◆ **ACTIVITY**
Word for word, reproduce the records, keeping none of the pictures.

Start of Block

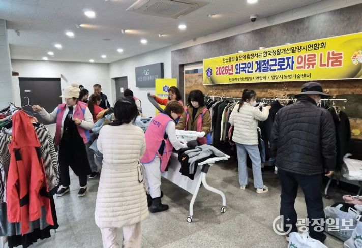 광장일보 주재영 기자 | 한국생활개선밀양시연합회(회장 안화영)는 27일 밀양시농업기술센터 농업인교육관에서 2024년부터 3년째 이어오고 있는 외국인 계절 근로자를 위한 ‘사랑의 의류 나눔 행사’를 개최했다.
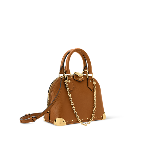 Cette édition du sac Alma Trunk BB se décline en cuir de veau lisse intemporel. Elle se distingue par ses pièces métalliques dorées étincelantes, telles qu'un cadenas emblématique, une chaîne décorative et des coins inspirés des malles. Élégante et astucieuse, elle présente un format idéal pour accueillir les indispensables du quotidien et comprend une poche plate où ranger un porte-cartes ou de petits objets en toute sécurité.
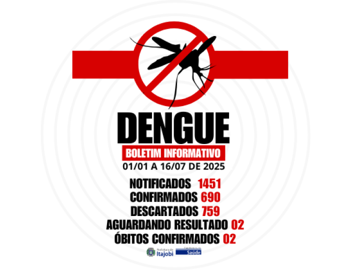 A Prefeitura Municipal de Itajobi, por meio do Departamento Municipal de Saúde, atualiza a população com os números da Dengue no período de 01/01 a 16/07/2025:
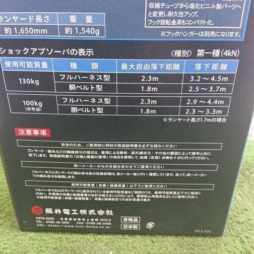/ 藤井電工ツインランヤード TL-2-EZ93SV-21KSG-130KG-JAN-BX【野田愛宕店:ITLM3LBKPD5I】
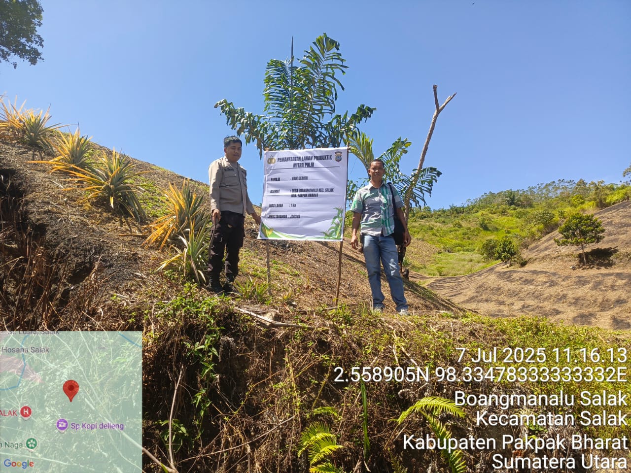 SALAK – Satu Polisi Satu Desa Mulai melakukan pemasangan spanduk kegiatan Penanaman Serentak, Selasa 08 Juli 2025 sekira pukul 09.00 s/d 11.00 wib di wilayah Hukum Polres Pakpak Bharat.

End of Block

◆ **SOLUTION**
 광장일보 주재영 기자 | 한국생활개선밀양시연합회(회장 안화영)는 27일 밀양시농업기술센터 농업인교육관에서 2024년부터 3년째 이어오고 있는 외국인 계절 근로자를 위한 ‘사랑의 의류 나눔 행사’를 개최했다.
 Cette édition du sac Alma Trunk BB se décline en cuir de veau lisse intemporel. Elle se distingue par ses pièces métalliques dorées étincelantes, telles qu'un cadenas emblématique, une chaîne décorative et des coins inspirés des malles. Élégante et astucieuse, elle présente un format idéal pour accueillir les indispensables du quotidien et comprend une poche plate où ranger un porte-cartes ou de petits objets en toute sécurité.
 A Prefeitura Municipal de Itajobi, por meio do Departamento Municipal de Saúde, atualiza a população com os números da Dengue no período de 01/01 a 16/07/2025:
/ 藤井電工ツインランヤード TL-2-EZ93SV-21KSG-130KG-JAN-BX【野田愛宕店:ITLM3LBKPD5I】
 SALAK – Satu Polisi Satu Desa Mulai melakukan pemasangan spanduk kegiatan Penanaman Serentak, Selasa 08 Juli 2025 sekira pukul 09.00 s/d 11.00 wib di wilayah Hukum Polres Pakpak Bharat.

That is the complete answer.